Maybe they did not see my post in the Linux section.
https://quchempedia.univ-angers.fr/athome/forum_thread.php?id=166

(Even more likely, they never check their results. It happens all the time.)
24) Message boards : Number crunching : High failure rate (Message 1661)
Posted 21 Feb 2022 by Jim1348
Post:
I was worried about that too in my long-term statistics.
But I just reattached a machine that I had not used for a while, and it seems OK.
https://quchempedia.univ-angers.fr/athome/results.php?hostid=10585

So either it was "fixed", or else it was just the data that was hard to crunch.
25) Message boards : Number crunching : ERROR: Vboxwrapper lost communication with VirtualBox, rescheduling task for a later time (Message 1653)
Posted 12 Feb 2022 by Jim1348
Post:
I haven't tried this myself yet.

I have. BOINC does a "Signature verification" and won't accept the new wrapper.
But maybe you should try it and see if you can make it work.
26) Questions and Answers : Unix/Linux : BOINC 7.18.1 causes invalids (Message 1644)
Posted 30 Jan 2022 by Jim1348
Post:
Upgrading to BOINC 7.18.1 (from LoctusOfBorg, ppa:costamagnagianfranco/boinc) caused rapid invalids on my Ryzen 3600 under Ubuntu 20.04.3.
But BOINC 7.16.6 (from Ubuntu Software) and 7.16.17 (the previous version from LOB) work OK.

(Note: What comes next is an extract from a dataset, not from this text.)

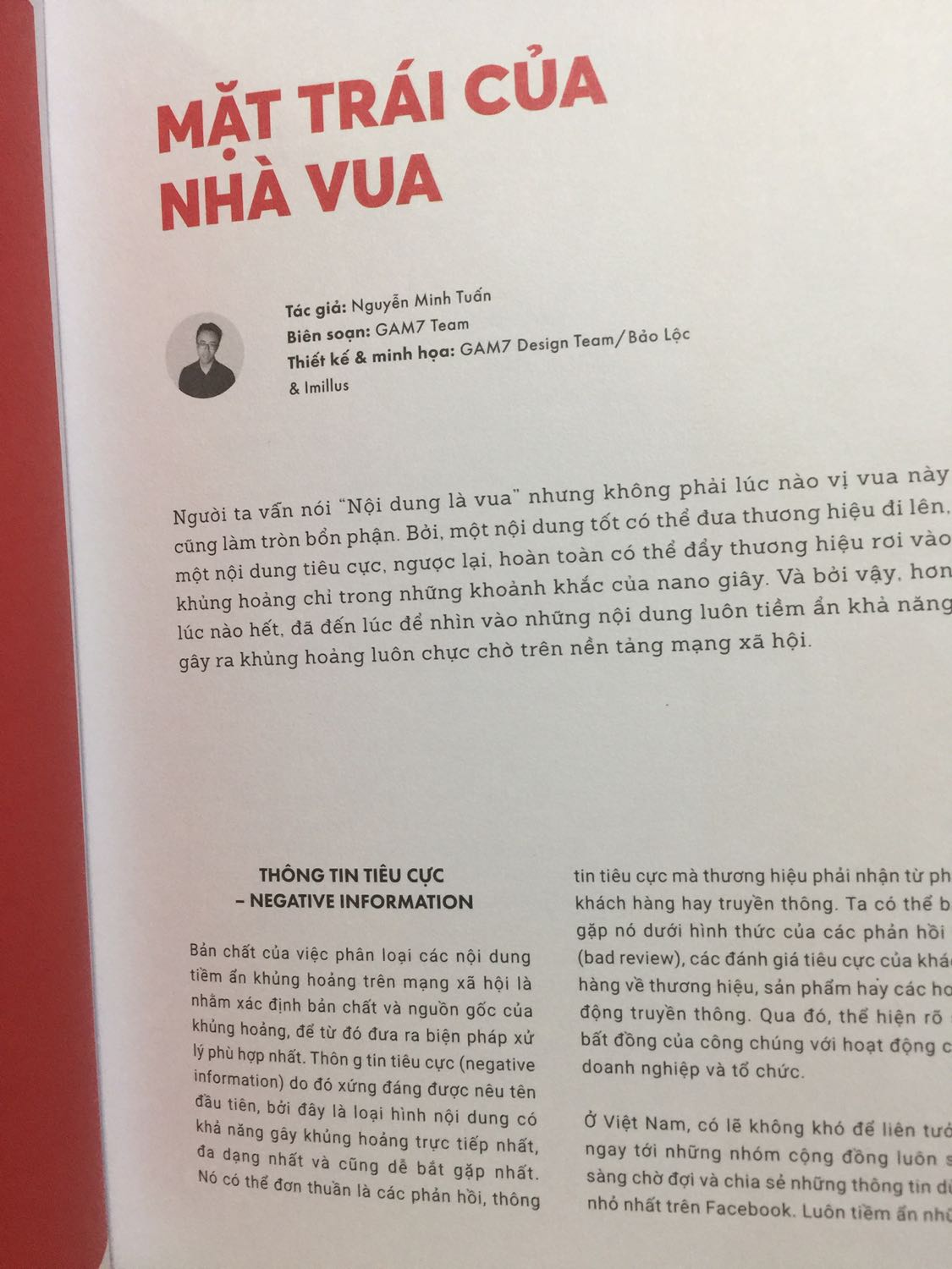 SOCIAL MEDIA CRISIS “Kiếm củi ba năm đốt một giờ” chưa bao giờ lại đúng đến thế khi nói về khủng hoảng truyền thông thời công nghệ số. Mạng xã hội vừa là cơ hội kết nối vừa là kênh phát tán khủng hoảng nhanh nhất, bởi nó cho phép sai lầm của doanh nghiệp trở nên hữu hình với công chúng. Bất cứ một thằng khờ nào trong thời đại số đều có thể trở thành tâm bão của khủng hoảng. Nhưng nhiều người vẫn đối diện với sự khó lường của khủng hoảng với thái độ bàng quan. Không ai tin mình sẽ gặp khủng hoảng cho đến khi nó ập đến và chỉ sau một đêm cướp trắng cơ nghiệp. Thứ còn lại duy nhất là nỗi niềm bải hoải trong mất mát sau nhiều năm vun đắp. Bởi vậy, những gì thương hiệu cần và có thể làm là trang bị nội lực mạnh và tâm lí đón nhận thật vững vàng, để thiệt hại là nhỏ nhất trong tình huống xấu nhất. Chuẩn bị tâm thế đối đầu và ứng biến trước khủng hoảng trên mạng xã hội là nhiệm vụ lớn nhất của GAM7 số này. THEME 1: UNDERSTAND THE ROOT CAUSES Khủng hoảng vốn có tính sát thương cao, lại có thêm cánh tay nối dài của mạng xã hội. Chính mạng xã hội đã thay đổi khách hàng và cách quản trị khách hàng trong khủng hoảng. Chương đầu tiên mở ra bối cảnh, để người đọc hiểu được tính chất khác biệt của khủng hoảng trên mạng xã hội và những kì vọng ngầm mà công chúng mong được doanh nghiệp đáp ứng một cách kịp thời. Bên cạnh đó, thực tế doanh nghiệp trong khủng hoảng cũng được khắc hoạ, để bạn đọc có cơ hội soi chiếu chính mình. THEME 2: FIGHT BACK & WIN Dù ta có chuẩn bị kĩ đến đâu, thì khi khủng hoảng xảy ra, khó khăn, hoang mang, hỗn loạn, cũng đều là những điều không thể tránh khỏi. Chương 3 sẽ cung cấp một khung định hướng chiến lược giúp doanh nghiệp tìm được lối thoát ra khỏi mớ bòng bong ban đầu, tối đa hóa hiệu quả của truyền thông và giảm thiểu thiệt hại của khủng hoảng. Các bối cảnh khủng hoảng sẽ được đem ra mổ xẻ, phân tích nhằm mang đến những góc nhìn đa chiều cho doanh nghiệp. Đây cũng là nơi mang đến những gợi ý để doanh nghiệp có thể phục hồi hoạt động sau khủng hoảng. THEME 3: ARE YOU CRISIS READY? Hiểu được những thách thức mà khủng hoảng truyền thông trên mạng xã hội đem lại cho doanh nghiệp, ta sẽ có những chiến lược cụ thể để “đón đầu” khủng hoảng một cách toàn diện và bài bản nhất. Chương 2 sẽ trang bị cho người làm truyền thông tư duy tổ chức bộ máy doanh nghiệp, từ xây dựng một “nền móng” vững chắc bên trong, đến thiết lập một hệ thống “thành lũy” kiên cố bên ngoài, để có thể “xử đẹp” những nguy cơ tiềm ẩn và phòng vệ cho doanh nghiệp đứng vững trước sóng gió khủng hoảng. Bạn đã từng: – Thể hiện quan điểm cá nhân trên mạng và bị cuốn vào những cuộc tranh cãi không cần thiết? – E ngại thể hiện quan điểm khác biệt trên các trang, nhóm cộng đồng vì sợ bị tẩy chay? – Đối diện với nguy cơ tài khoản cá nhân, bài đăng bị bay màu bởi sự phẫn nộ của cộng đồng mạng? Nếu bạn là một marketer: – Bạn cần một cuốn cẩm nang có thể giúp bạn giải quyết khẩn cấp khi thương hiệu phát sinh khủng hoảng trên MXH? – Bạn muốn tìm hiểu nguồn gốc của khủng hoảng và kỳ vọng ngầm của công chúng để tự xây dựng cho mình cách xử lý khủng hoảng truyền thông trên MXH? – Phòng bệnh hơn chữa bệnh, bạn có muốn sở hữu bí kíp phòng ngừa khủng hoảng, và giảm thiểu hậu quả một cách tối đa? Khi mạng xã hội lên ngôi, bất kỳ ai trong chúng ta đều dễ rơi vào khủng hoảng truyền thông MXH, dù là doanh nghiệp, người nổi tiếng hay cư dân mạng bình thường. Không khó để bạn hình dung những hậu quả mà bản thân hay doanh nghiệp.

(But there is a new build of 7.18.1 on LOB. I have not tried it.)
27) Message boards : Number crunching : Stuck tasks (Message 1641)
Posted 23 Jan 2022 by Jim1348
Post:
Does anybody know what exactly is going on here? Should I just abort these tasks?

You must be on Windows, though your computers are hidden.

They get stuck. That is what is going on.
Yes, abort them. (Linux doesn't have the problem for some reason.)
28) Questions and Answers : Unix/Linux : Any alternative to the current taskset clobbering? (Message 1639)
Posted 15 Jan 2022 by Jim1348
Post:
I think you are having a problem with definitions. It is a common condition from what I can see.
BOINC reports as virtual cores (as does the OS) what the software people refer to as "threads".

I think you need to step out of your narrow thinking.
29) Questions and Answers : Unix/Linux : Any alternative to the current taskset clobbering? (Message 1636)
Posted 13 Jan 2022 by Jim1348
Post:
Wow. That is not how any of that works. At all.

Setting the usage limits in the BOINC client doesn't actually restrict how many cores get used, it restricts the number of threads that work units can use. As such, if you set that number to 75% on a 12-core, 24-thread system, you wind up with a total number of work units running that equals eighteen threads. If the operating system scheduler doesn't keep those threads contained to specific cores, it results in latency issues for the F@H work units, as context switching takes time.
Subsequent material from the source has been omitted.